Bebi geleng-geleng kepala. Kalo udah begini pengen rasanya Bebi banyak-banyak berdoa supaya Pak Don Hwa, CEO lama mereka, cepet sembuh dan bisa kembali duduk di kursi tertinggi di perusahaan ini dan Bebi kembali jadi sekretaris manajer walopun mustahil.
"Kan umur cuma beda dua tahun. Daripada pake bahasa aku-kamu ato sebut nama, tar malah orang-orang salah paham. Dipikirnya kita pacaran. Amit-amit dah kalo gue pacaran sama orang kelewat dingin kayak lo!"
"FYI, Miss Bebi, saya juga gak tertarik buat pacaran sama kamu. Tapi ... yaa .. mungkin .. saya lebih tertarik jadiin kamu istri saya. Gimana?"

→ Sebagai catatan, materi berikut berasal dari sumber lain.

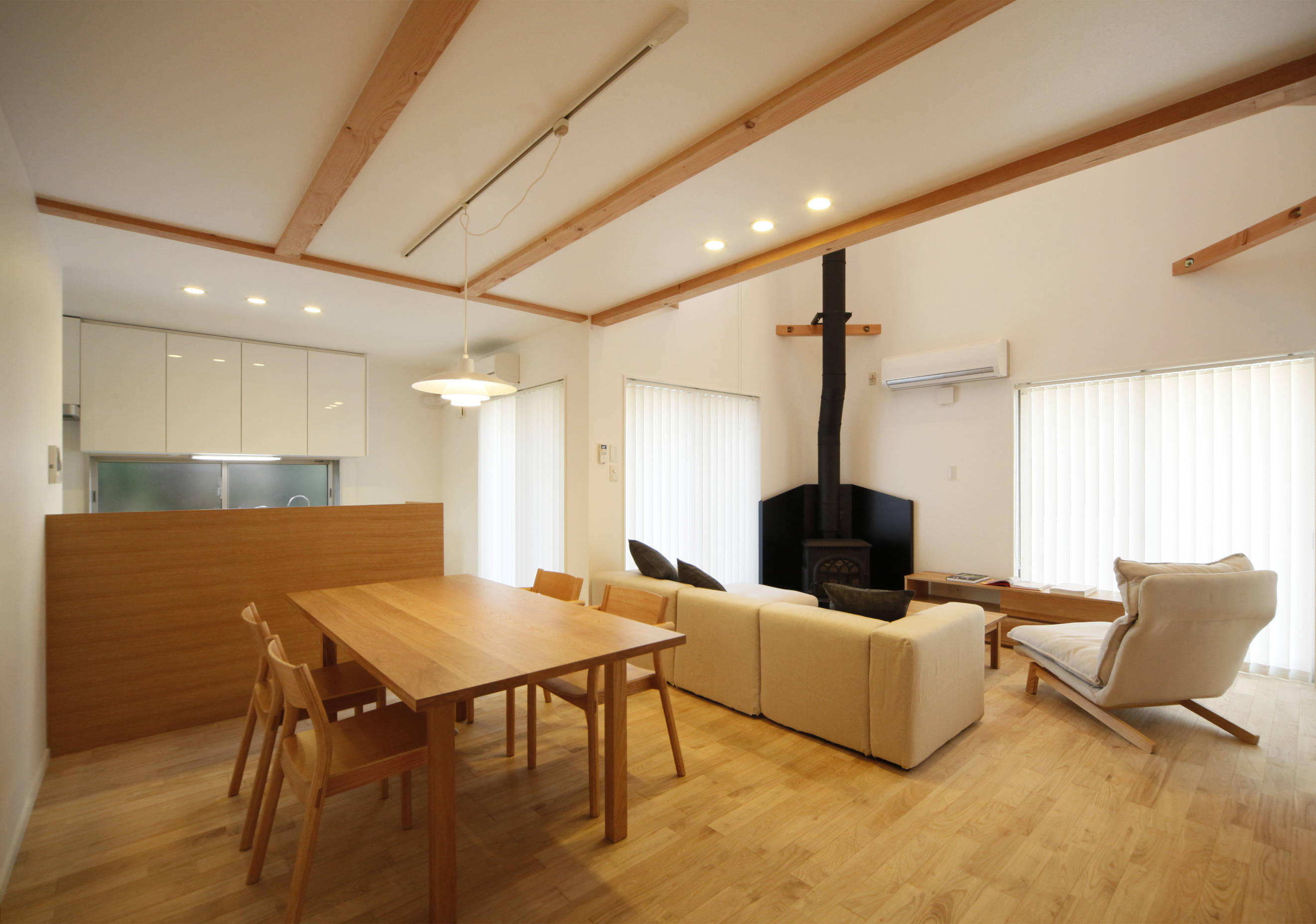 吹き抜けと薪ストーブがあるLDK。床は栗の無垢材

"Masih pagi. Kalo ngomong coba dipikir dulu yang bener. Jangan ngawur!", sahut Bebi sambil berdiri dari duduknya dan bersiap kembali ke lantai 40 lalu memandangi Albercio denga tatapan datarnya. "Lo masih mau di sini ato gimana? Gue mau cek barang-barang gue udah dianter Mang Tara ato belom."
Albercio menggeleng, lalu memberikan isyarat agar Bebi segera menghilang dari pandangannya.
*
Bebi melirik jam tangannya, lalu menghela nafas lega. Seutas senyum mengembang. Untuk pertama kalinya dia bersemangat jam kerjanya berakhir lebih awal tanpa drama lembur-lemburan, ditambah lagi dari tadi siang Albercio udah walk out dari kursi kebesarannya. Tapi ...

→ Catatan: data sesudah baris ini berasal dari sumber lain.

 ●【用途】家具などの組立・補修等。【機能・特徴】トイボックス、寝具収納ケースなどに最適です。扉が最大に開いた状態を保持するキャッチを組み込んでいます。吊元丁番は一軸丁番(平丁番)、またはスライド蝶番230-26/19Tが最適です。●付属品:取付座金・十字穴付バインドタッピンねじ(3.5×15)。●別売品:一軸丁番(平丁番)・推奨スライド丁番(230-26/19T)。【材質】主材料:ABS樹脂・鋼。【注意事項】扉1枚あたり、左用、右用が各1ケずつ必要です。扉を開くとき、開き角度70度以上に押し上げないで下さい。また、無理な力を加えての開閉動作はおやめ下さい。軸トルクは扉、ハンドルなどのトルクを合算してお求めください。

"Mau kemana, Bi?" Sebuah suara maskulin tiba-tiba menyentak Bebi, membuat senyuman di wajah cewek itu langsung berubah 180 derajat.
"Mau pulanglah! Masa mau nginep?" Bebi menyelampirkan tali panjang tasnya lalu mematikan monitor komputer kerjanya. "Lah lo ngapain balik lagi ke sini? Kirain gue tadi lo balik pulang."
Seperti biasa, Albercio mengambil posisi duduk di kursi kebesarannya sambil memasang wajah datar tanpa ekspresin andalannya dan membiarkan aura dingin menguar begitu aja. "Yang nyuruh kamu pulang siapa?"
"Gak ada."
"Trus kalo gak ada yang nyuruh kamu buat pulang, kenapa kamu pulang?"
"Astaga, Albercio. Ya iyalah gue kepengen pulang. Ini kan emang udah jam pulang kantor. Masa gue kudu nginep di sini? Lagian juga semua kerjaan dan agenda lo udah rapi."
"Gak boleh."
"Apanya yang gak boleh?" Bebi mengangkat sebelah alisnya.
"Kamu gak boleh pulang sebelom saya pulang."
"Yaudah atuh, lo pulang juga. Biar gue bisa pulang. Lagian, lo ngapain juga mesti balik lagi ke sini? Emang lo gak kangen sama anak istri lo?"
"Saya belom nikah, Bebi! Coba tolong dipikir dulu sebelom ngomong."
Bebi memasang senyum lebar ala-ala unta nyengir sambil menjiwai ekspresi mutados - muka tanpa dosa. "Ye maap. Kirain situ udah kewong. Biasanya kan cowok seumuran lo emang udah punya buntut."
"Makanya kalo ngomong jangan sembarangan. Kamu harus tanggungjawab."
"Hah? Tanggungjawab? Tanggung jawab apaan sih? Kan gue juga udah minta maaf. Ah yaudahlah! Gue pulang duluan ya, Al."
"Lo mau pulang kemana?"
"Ya ke rumah lah."
"Rumah ato kost an?"
Bebi menghela nafas jengkel. Seumur-umur baru kali ini dia punya bos yang BT - banyak tanya! Udah seperti emak-emak yang bolak-balik nanya harga cabai.
"Lo bawel deh ah. Lo jangan pulang malem-malem. Jaga kesehatan. Besok kita ada rapat penting soalnya." Bebi beranjak pergi lalu menutup pintu ruangan Albercio dengan pelan, padahal tanpa cewek itu sadari, Albercio terus memandanginya lekat-lekat sampe dirinya bener-bener menghilang dari balik pintu.